What Happens When Your Cloud Integration Starts without Observability
by James Burns
Cloud services have changed the way applications are developed. They allow teams to focus on their value proposition, product, and customers. As part of the evaluation for a cloud service, you might talk to friends, look at recent feature additions, speak with sales about their roadmap. You may be choosing a cloud service to offload the operational burden to someone else, but just because you’ve offloaded it doesn’t mean it can’t fail.
Even if, or perhaps especially if, you’re a small company, understanding what will happen to your customers and to your business if the cloud service fails becomes key. It pays to look at status pages, recent outages, or public post-mortems. However, the true test is when you integrate the new feature using a cloud service, and see how your workload and the performance (or failure) of the cloud service interact.
Delaying this assessment until late in a project creates substantial risk.
Working on a recent project, my team had created what we believed to be a scalable and resilient architecture. We were just starting to use Chaos Engineering to test out our resilience and observability. During the second round of testing I was responsible for determining the experiments to try. I thought it might be interesting to test how we would observe a third-party cloud component (let’s call it PipelineAPI) failure.
The result of the experiment was that we didn’t — and couldn’t — observe PipelineAPI failure.
After a couple of sprints dedicated to closing the instrumentation gap for all cloud services in the project, during normal operation we started to see significant performance variance by one of the cloud services, we’ll call LogsAPI, in the critical path.
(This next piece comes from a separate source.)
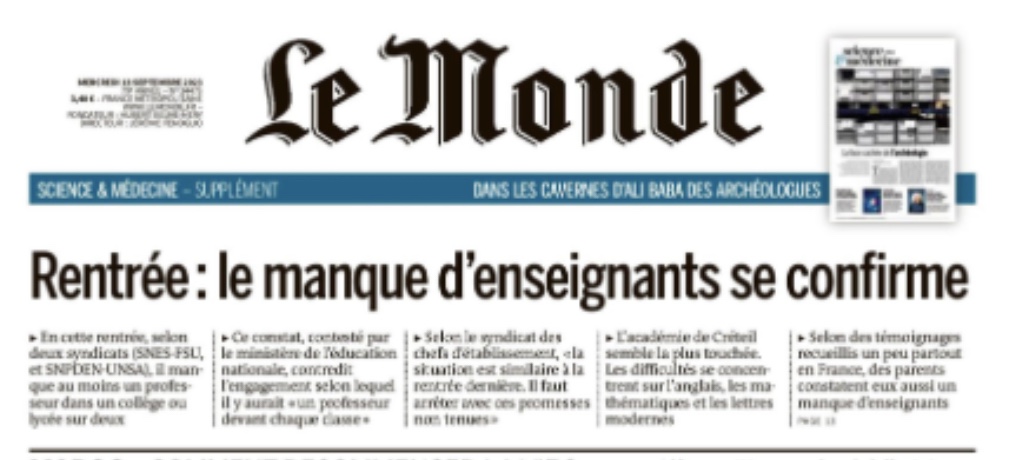 Il manque au moins un professeur dans 60 % des collège ou lycée, LIT-ON DANS L’ARTICLE DU MONDE PROPOSÉ CI CONTRE

After dashboard screenshots, discussions with support, and eventually a meeting with the product manager for LogsAPI, it became clear that it was not designed to support our use case. We pivoted to another similar cloud service, we’ll call BigDataAPI, with all the instrumentation in place from the start. We observed consistent latency and consistent availability of the data in the data store with no change over time or increasing amounts of data. With this data we gained confidence that BigDataAPI would be able to support our use case and growth.
To be honest, we got lucky. We hadn’t thought through how we would observe the performance of third-party cloud services as we scaled out the system. We didn’t instrument some of the core functionality of our system because it was not the code we were writing or testing. If we’d launched without the testing and observability our system would have failed at even 5% of the target traffic level. Instead we scaled smoothly over 100x in the first two weeks and had a deep understanding of the performance and resilience of our system the entire time.
It is better not to be lucky. Measure the performance and availability of any cloud service you are designing into a solution — as soon as possible and well before full production deployment. Watching the trending of outlier performance, it becomes easier to see if the cloud service is keeping up with your testing or canary traffic, or not. Conversations with cloud service vendors about expectations and performance are easier when you have consistent high resolution data to support your observations and questions.
No matter what you are building, the customer has expectations of your system. Closely observing your cloud service integrations is the best and easiest way to make sure you meet those expectations.